Następny dzień to Luwr. Nie pracował na 1, więc byli ludzie - nie zatłoczeni. Do Monna Lisy nie można podejść bliżej niż 5-8 metrów, solidny tłum! Można robić zdjęcia, więc flesze już falują. Ale wrażenia pozostały, dzięki przewodnikowi i recepcjonistom, które wydała. W przeciwnym razie nic by nie było słychać.
Wieczorne zwiedzanie Montmartre. Został pomyślany w stylu romantycznym, z przeglądem kwater, artystów, ich obrazów i innych rozkoszy, ale deszcz wszystko zepsuł. Ci, którzy zabrali bilety do kabaretu, nie przegrali. Reszta drżąc z zimna pogalopowała nad pagorbami i zwiedziła kościół Sekrikor. Ale tutaj, jak mówią, po prostu pech.
Ale czas minął, Paryżu - żegnaj, witaj Norymberga! Rzeczywiście, bardzo niemieckie miasto. Aż trudno uwierzyć, że 92% budynków zostało zbombardowanych podczas wojny. Odbudowano domy, kościoły, pomniki. Ani jeden brzydki wieżowiec nie psuje centralnej części miasta, która znajduje się pod płytkami. Stosunkowo niedrogi i bardzo cichy. Przewodnik był dobrze zrobiony, wszystko było interesujące. Jednocześnie był jeszcze czas na przyzwoite zakupy, choć niektórzy z nich rozpoczęli je jeszcze przed rozpoczęciem trasy.

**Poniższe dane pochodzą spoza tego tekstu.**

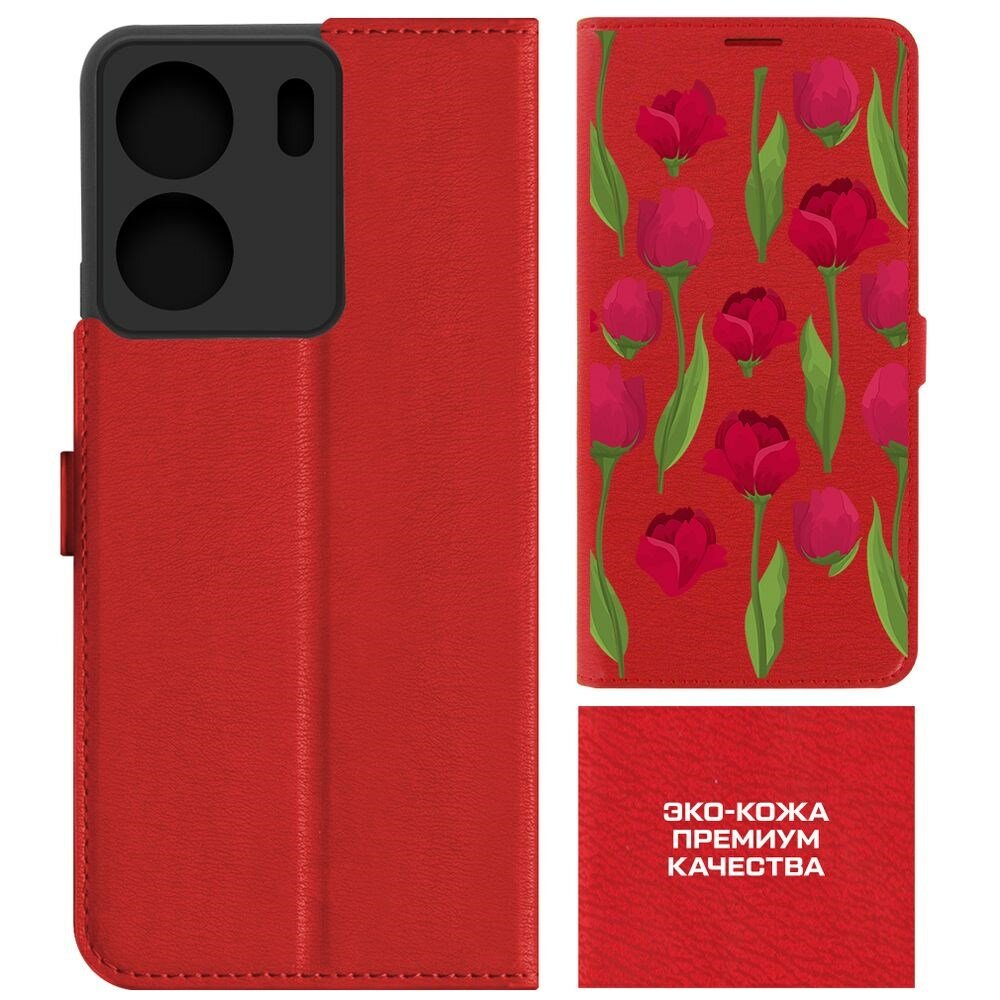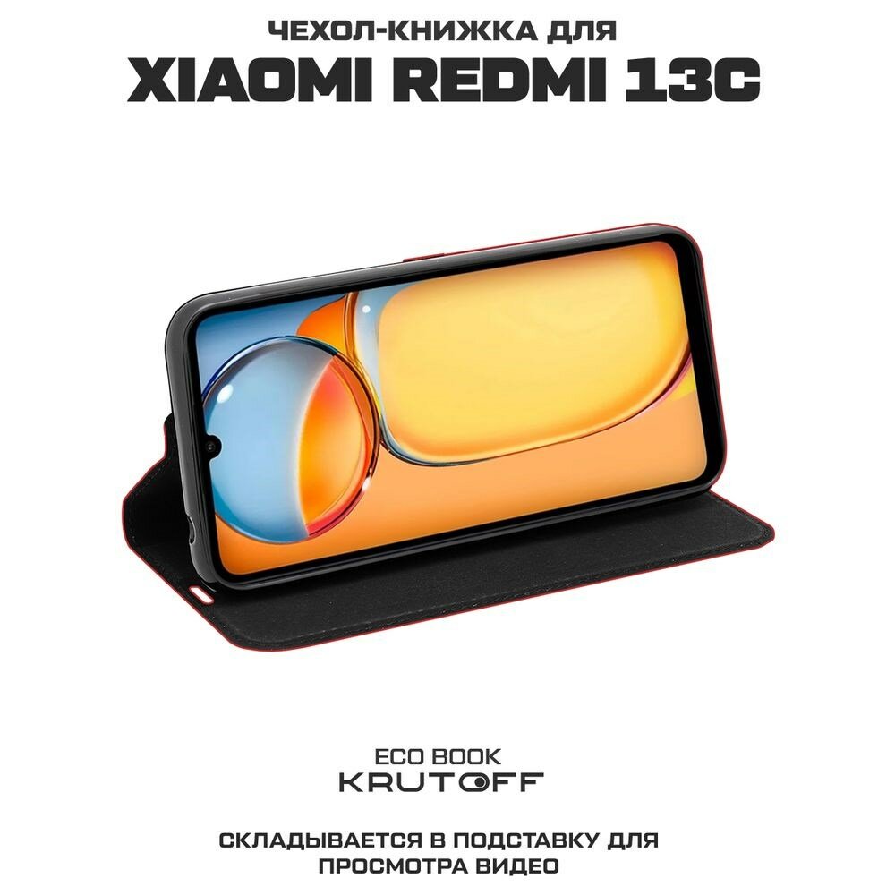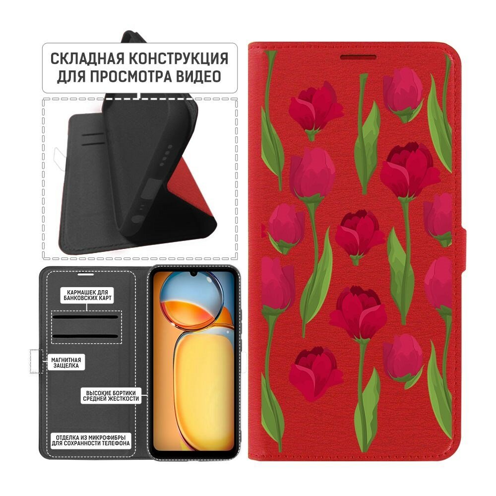 Чехол-книжка Krutoff Eco Book для Xiaomi Redmi 13C Розы паттерн (красный) информация:
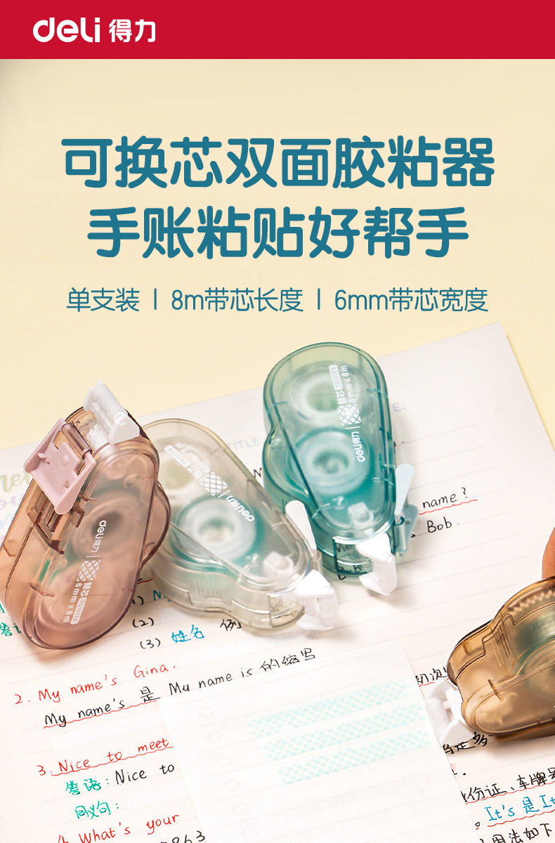델리 점착제 교체형 점착 테이프 학생용 수정 테이프 스타일 양면 테이프 수공예용 테이프

W drodze powrotnej ponownie odbyła się degustacja wina w Tokai, ale my wędrowaliśmy po mieście i sami zjedliśmy coś do zjedzenia.
Jako pozytywny punkt odnotowuję zaprogramowaną wizytę w Tesco zarówno w drodze tam, jak i z powrotem. Zaopatrzyliśmy się w lokalne przysmaki mięsne, likier Unicum - i do domu!
Filmy po drodze są selekcjonowane tematycznie i był bardzo duży wybór.
Dobrze, że w grupie nie było oczywistych hamulców i innych problematycznych turystów, którzy szarpią nerwy wszystkich wokół, a Nastya Korobko bardzo umiejętnie wygładziła niezadowolenie, profesjonalistka !!!
Ponadto chciałbym podziękować Selenie za prezent noworoczny - multiwizę, a także za cudowne wakacje. Nastaw się na pozytywy, łatwiej podejmij kłopoty i wszystko będzie świetnie !!!